Reading compressed data with Spark using unknown file extensions
This post could also be called Reading .gz.tmp
files with Spark. At Socialmetrix we have several pipelines writing logs to AWS S3, sometimes Apache Flume fails on the last phase to rename the final archive from .gz.tmp
to .gz
, therefore those files are unavailable to be read by SparkContext.textFile
API. This post presents our workaround to process those files.
##
Our Problem
The diagram below contains the sink part of our architecture:
-
Flume is listening to an AMQP queue, dequeuing logs as soon they arrive;
-
Each 10 minutes, Flume Gzip the accumulated content and save to a S3 bucket;
-
For some unknown reason at this moment, some files doesn’t end up with the final desired extension
.gz
, instead it is saved with.gz.tmp
extension. -
If you try to read this files with Spark (or Hadoop) all you gonna get is gibberish.

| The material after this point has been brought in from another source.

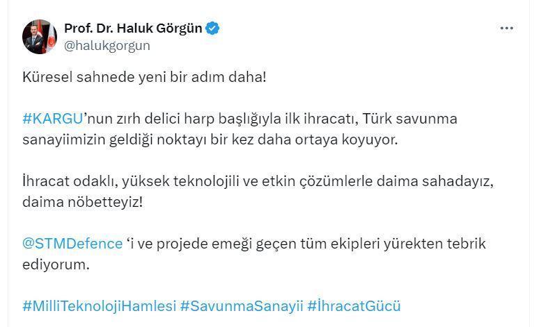 Savunma Sanayii Başkanı Haluk Görgün, konuya ilişkin sosyal medya hesabından açıklama yaptı. Görgün, "Küresel sahnede yeni bir adım daha. Kargu'nun zırh delici harp başlığıyla ilk ihracatı, Türk savunma sanayimizin geldiği noktayı bir kez daha ortaya koyuyor. İhracat odaklı, yüksek teknolojili ve etkin çözümlerle daima sahadayız, daima nöbetteyiz. STM ve projede emeği geçen tüm ekipleri yürekten tebrik ediyorum" dedi. (DHA)
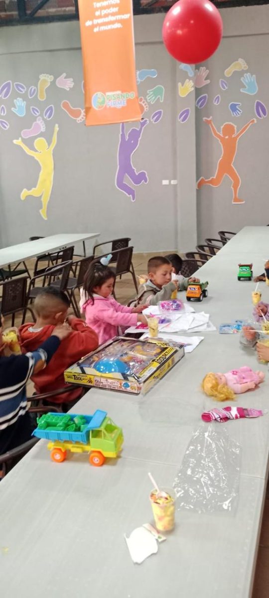 Llevamos música y regalos a los niños y niñas de la Fundación Pisando Firme en Juan Rey – Tihuaque, anticipando la alegría de la Navidad.

Because any unknown extension is defaulted to plain-text.
##
Our Workaround
The reason why you can’t read a file .gz.tmp
is because Spark try to match the file extension with registered compression codecs and no codec handlers the extension .gz.tmp
!!
Having this in mind, the solution is really easy, all we had to do was to extend GzipCodec
and override the getDefaultExtension
method.
Here is our TmpGzipCodec.scala
:
package smx.ananke.spark.util.codecs
import org.apache.hadoop.io.compress.GzipCodec
class TmpGzipCodec extends GzipCodec {
override def getDefaultExtension(): String = ".gz.tmp"
}
Now we just registered this codec, setting spark.hadoop.io.compression.codecs
on SparkConf
:
val conf = new SparkConf()
// Custom Codec that process .gz.tmp extensions as a common Gzip format
conf.set("spark.hadoop.io.compression.codecs", "smx.ananke.spark.util.codecs.TmpGzipCodec")
val sc = new SparkContext(conf)
val data = sc.textFile("s3n://my-data-bucket/2015/09/21/13/*")
Now it is just a matter of assembly this codec as part of your project, in our case sbt assembly
and run your code as usual.
##
Final Note
From the tests we ran on our environment, registering this Codec does not affect Spark’s default configuration, so we still can process extensions .gz
, .bz2
, etc.